The author, Mr. Pitts, chooses to ignore that reality in his article. But in his life Mr. Pitts apparently made choices to ensure that he did not permanently work at McDonald's-style entry level positions. Despite his real-life behavior, Mr. Pitts believes that everyone deserves endless bundles of money regardless of effort or achievement.
So I have a solution for Mr. Pitts. I will select an entry level employee who is so worthless he should be fired. And then Mr. will give this employee all of his money for the rest of his life.
Should Mr. Pitts not do this, then his article and his life are an insult. Because ultimately, this is exactly the solution his is advocating for us, but never him.
He's going very slowly down a dead-end path but he can't figure out what's wrong.
The Left is constantly running down all aspects of the American society of the 1950’s, e.g. “Leave it to Beaver”. IMO it is NO coincidence that during the 1950’s, the USA had domestic Communists on the run from the law!;)
If you make stupid choices you win stupid prizes.
Possibly because that is all he can do. And he might not do even that very well. If you force them to raise his wages then they probably will find they can do without him.
Instead of the dollar menu he wants the ten dollar menu.
“I dont know anyone who has a 90 dollar electric bill these days.”
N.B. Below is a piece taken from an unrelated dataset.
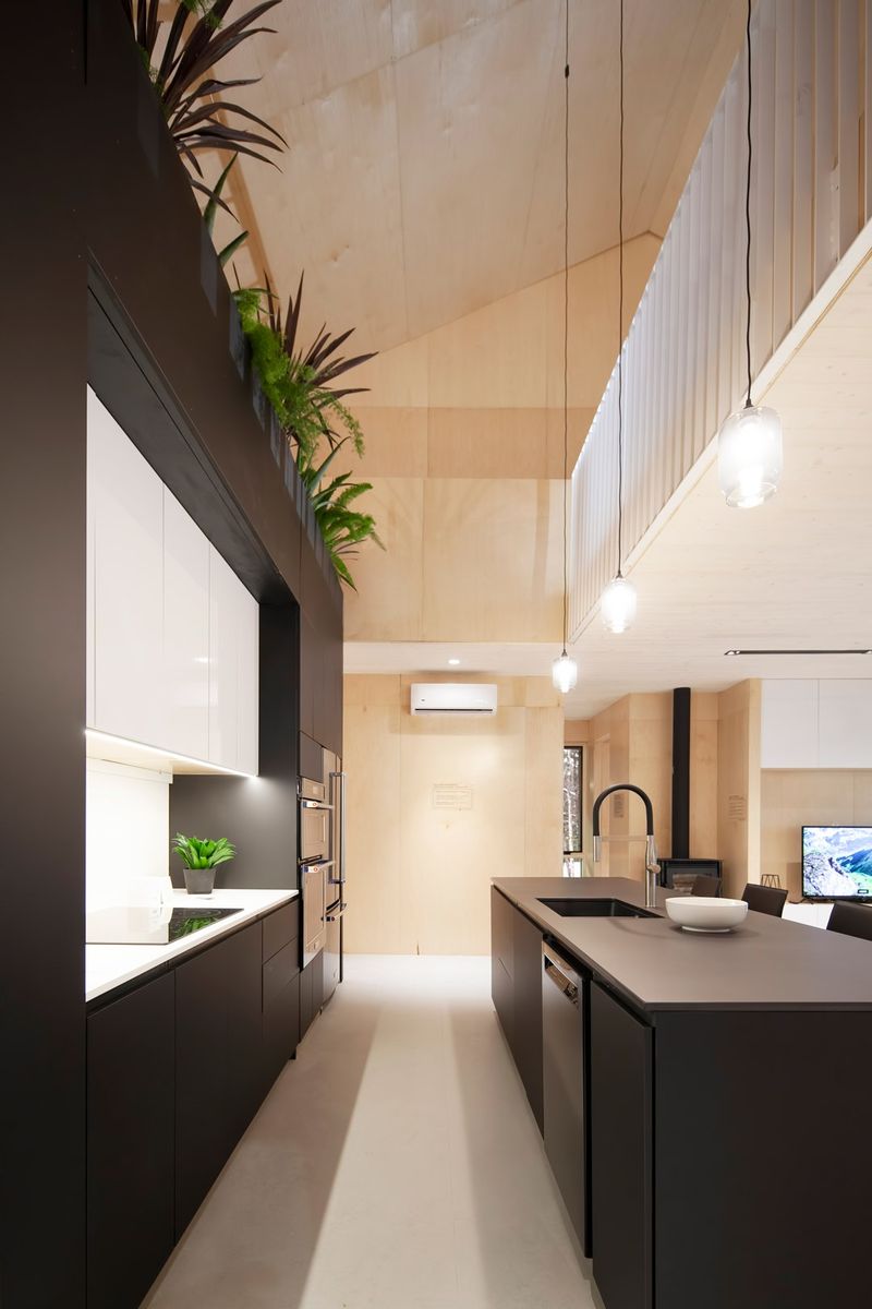 Vue de la cuisine en double hauteur de l'Éco-Habitat S1600

Ours was $43 last month and we don’t try to conservr energy.
Ileave the lights on and there is at leat 2 TVs on all times if not 3 and 2 computers that are never turned off.
Where do you live and what is the size of your house?
The new McRobot won’t spit in your food because your a cracka
Wait.. This simple assclown Pitts thinks flipping burgers at a burger joint is a career? For a grownup?
/facepalm
lol
I want to start a high-tech burger place “Burger Trek” that has one worker (instead of 5-8 at a time) and all the real work is done by robots. If its a success that one worker will definitely be worth that “living wage”.